Yang juga harus dihindari adalah pemberian obat anti-TBC tanpa diagnosis yang benar. "Anak gampang sakit, batuk, tidak napsu makan, langsung diberi obat TBC. Ini sangat berbahaya, karena bisa berakibat resistensi kuman terhadap obat. Nah, sekarang kecenderungannya mulai seperti itu lagi."
WASPADAI ANGGOTA KELUARGA
Sumber penularan TBC ke anak adalah orang dewasa. Pada orang dewasa, pendeteksian TBC jauh lebih mudah, misalnya dengan rontgen. "Jadi, kalau ada kecurigaan ada orang dewasa di sekitar anak yang terkena TBC, bisa langsung di-follow up ke dokter spesialis," kata Muljono.
Yang sering diabaikan orang tua adalah ketika menerima pembantu atau pengasuh anak.
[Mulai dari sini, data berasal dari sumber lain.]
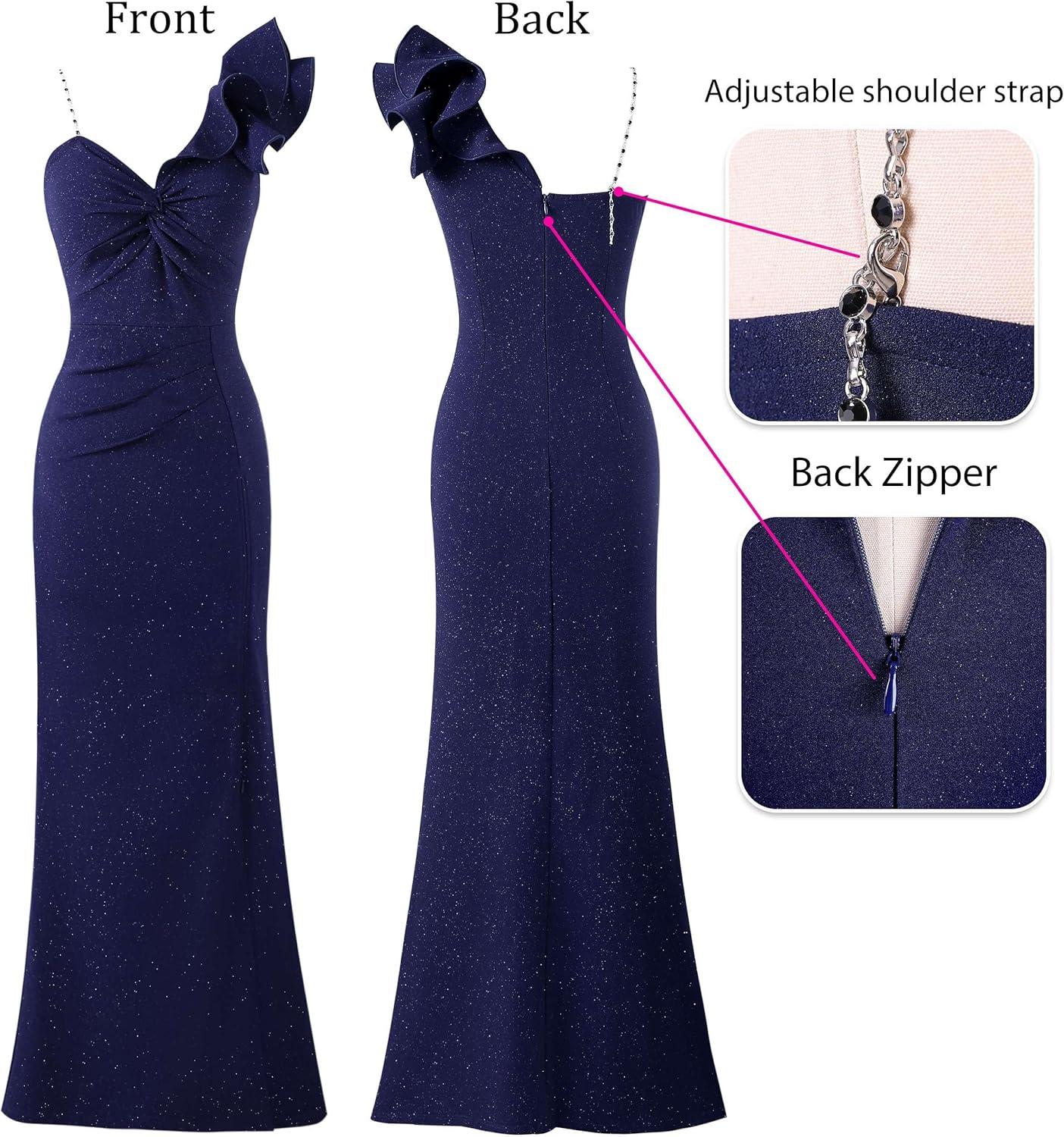 VFSHOW Womens Formal Prom Ruffle One Shoulder Strap Ruched Maxi Dress 2025 Sexy Twist Front Split Wedding Guest Evening Gown(Sparkly Navy Blue)

Kebiasaan kita ketika menerima pembantu atau pengasuh anak adalah tidak pernah memerhatikan faktor kesehatannya. Tahu-tahu anak TBC, dan setelah dilacak, ternyata pengasuhnya yang menularkan. Biasanya ini muncul pada kalangan menengah ke atas. Untuk mencegahnya, Muljono menyarankan agar saat penerimaan pembantu atau pengasuh anak, dilakukan juga pemeriksaan kesehatan. "Misalnya pemeriksaan rontgen. Ini akan mencegah penularan TBC pada anak-anak sekian persen."
Namun, kata Muljono, tentu tak cuma pembantu atau pengasuhnya yang berisiko menularkan TBC pada anak. "Anggota keluarga lain, semisal kakek atau nenek, bahkan orang tua sendiri juga harus mewaspadai kemungkinan terkena TBC."
Yang juga penting adalah pemberian imunisasi BCG. "Imunisasi ini bisa mencegah TBC yang berat, seperti TBC otak dan lain-lain."
Masalahnya, umumnya orang tua tidak percaya anaknya terkena TBC. "Mereka syok, katanya di rumah semua sehat. Padahal, mengingat sumber penularan dan sebagainya, bisa saja orang di rumah sehat, tapi ketika jalan-jalan di mal ketemu penderita TBC. Jadi, orang tua sebaiknya tidak usah saling menyalahkan, lebih baik anak diperiksa dan diobati."